21. The medical formulation of claim 20, further comprising one or more of a buffer, a lubricant, a binder, a flavorant, and a coating.

22. The medical formulation of claim 20, wherein the formulation is delivered to an individual orally, nasally, inhalationally, parentally, intravenously, intraperitoneally, subcutaneously, intramuscularly, intradermally, topically, rectally, intracerebrally, intraventricularly, intracerebroventricularly, intrathecally, intracisternally, intraspinally, perispinally, intraocularly, or intravitreally.

23. The medical formulation of claim 20, wherein the 5’-UTR further comprises a spacer located between the translational enhancer and the coding region.

24. The construct of claim 23, wherein the spacer is approximately 100-150 nt in length.

25. The construct of claim 23, wherein the spacer is selected from the group consisting of: a Hoxa9 native spacer (SEQ ID NO: 15), an actin 5’-UTR (SEQ ID NO: 16), and an inverted actin 5’-UTR (SEQ ID NO: 17).

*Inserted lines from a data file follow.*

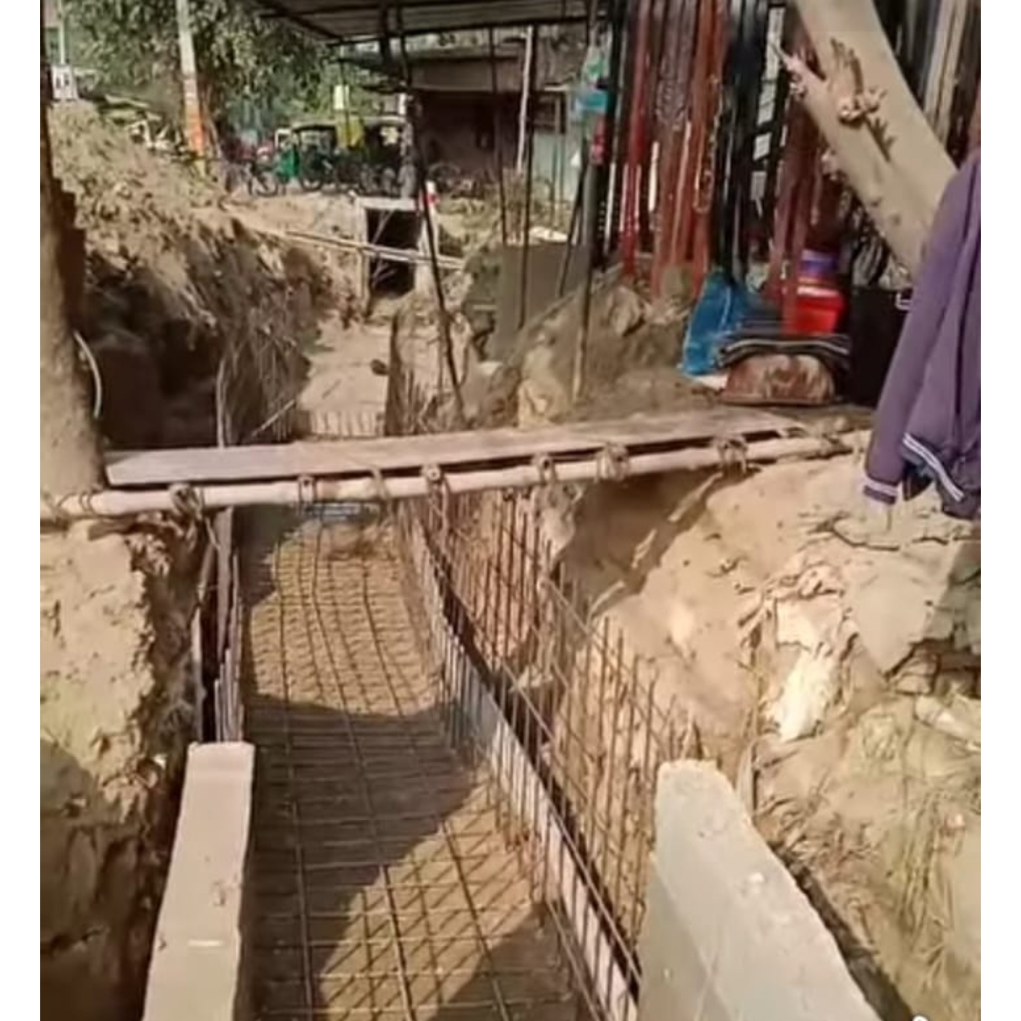नाला निर्माण में मनमानी, सड़क की चौड़ाई प्रभावित होने से जनता में उबाल
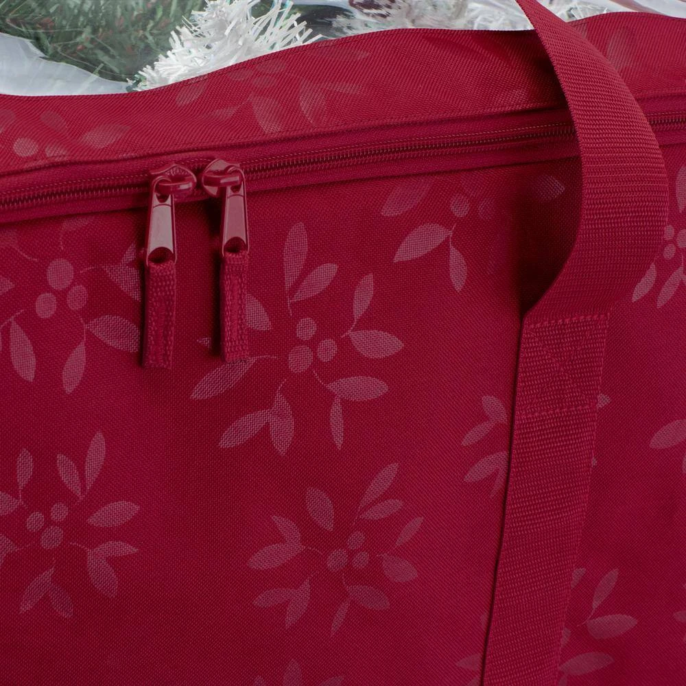 - HEAVY-DUTY HOLIDAY STORAGE: Festive cranberry debossed polyester fabric features a winter-berry motif and a laminated crimson lining
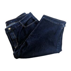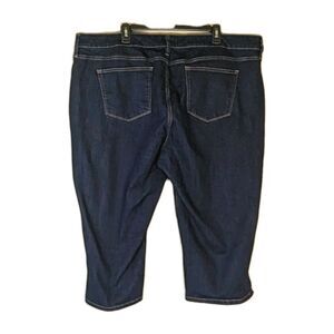 St. John's Bay Capri Bermuda style jeans dark wash denim blue. Plus size 28W fit with a High-Rise waistline.
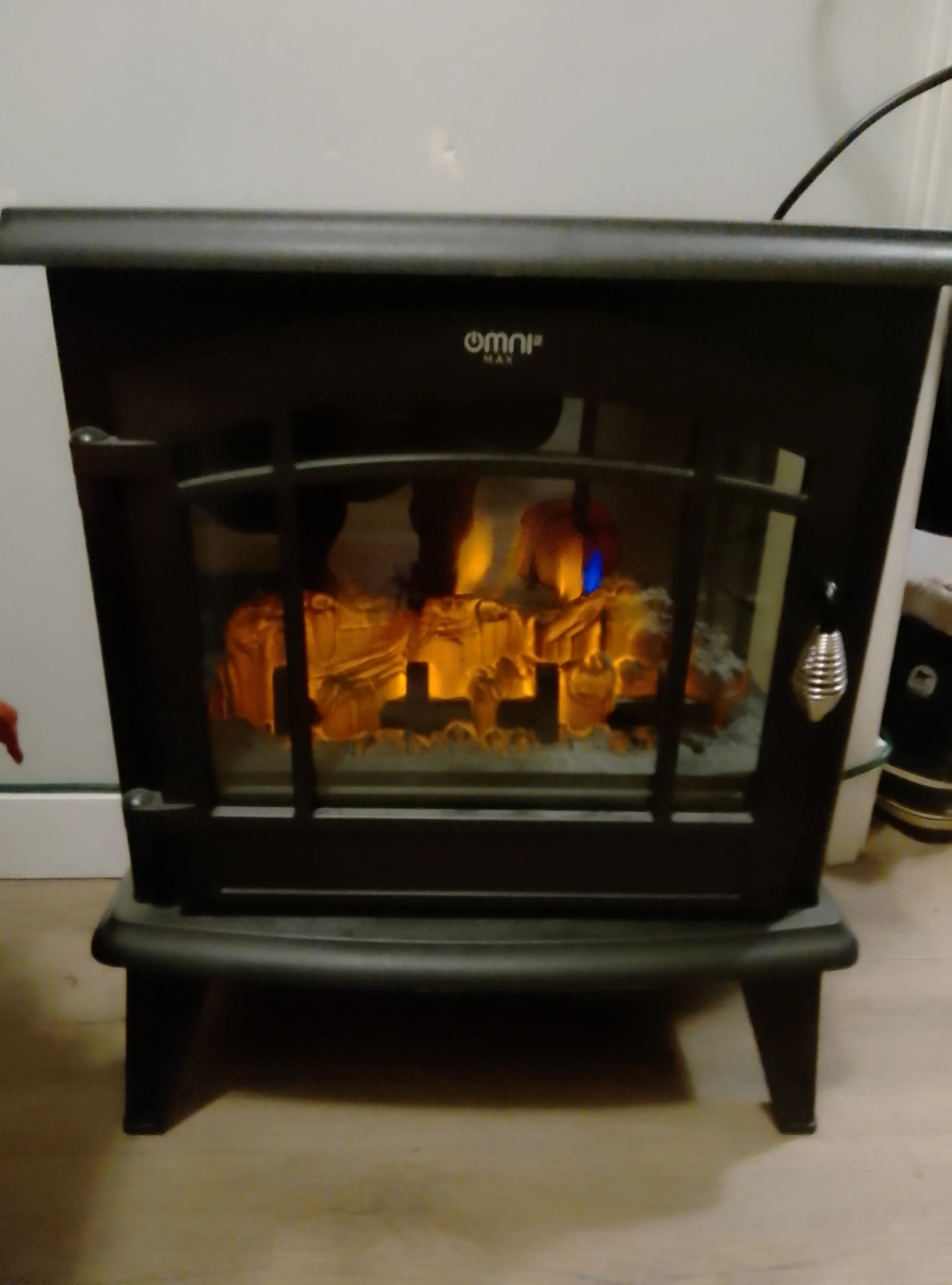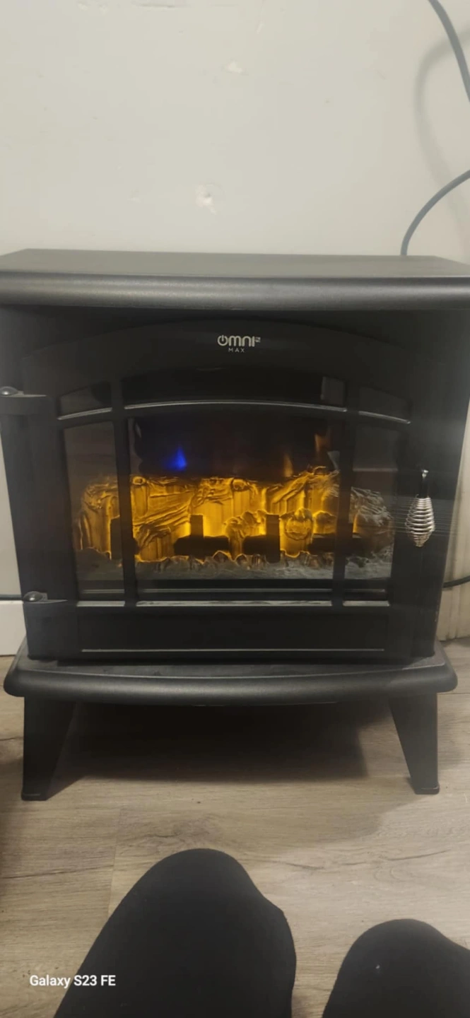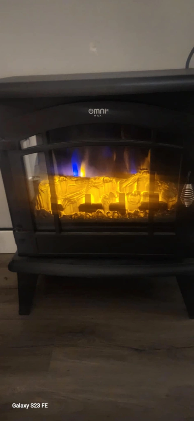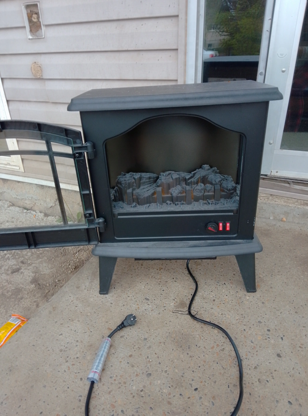 105brand new electric fireplace works like new 3 glass panels and beautiful led fire effect safe and doesn't make a sound very quiet perfect for tv stand or decor

26. The construct of claim 20, wherein the translational enhancer is a Hoxa9 IRES-like element.

27. The construct of claim 20, wherein the translational enhancer is a stem-loop structure isolated from a Hox gene.

28. The construct of claim 20, wherein the translational enhancer is SEQ ID NO: 1 or a sequence variant thereof.

29. The construct of claim 20, wherein the translational enhancer is selected from SEQ ID NOs: 2-14.

30. The construct of claim 20, wherein the translational enhancer possesses at least 75% sequence identity to SEQ ID NO: 1.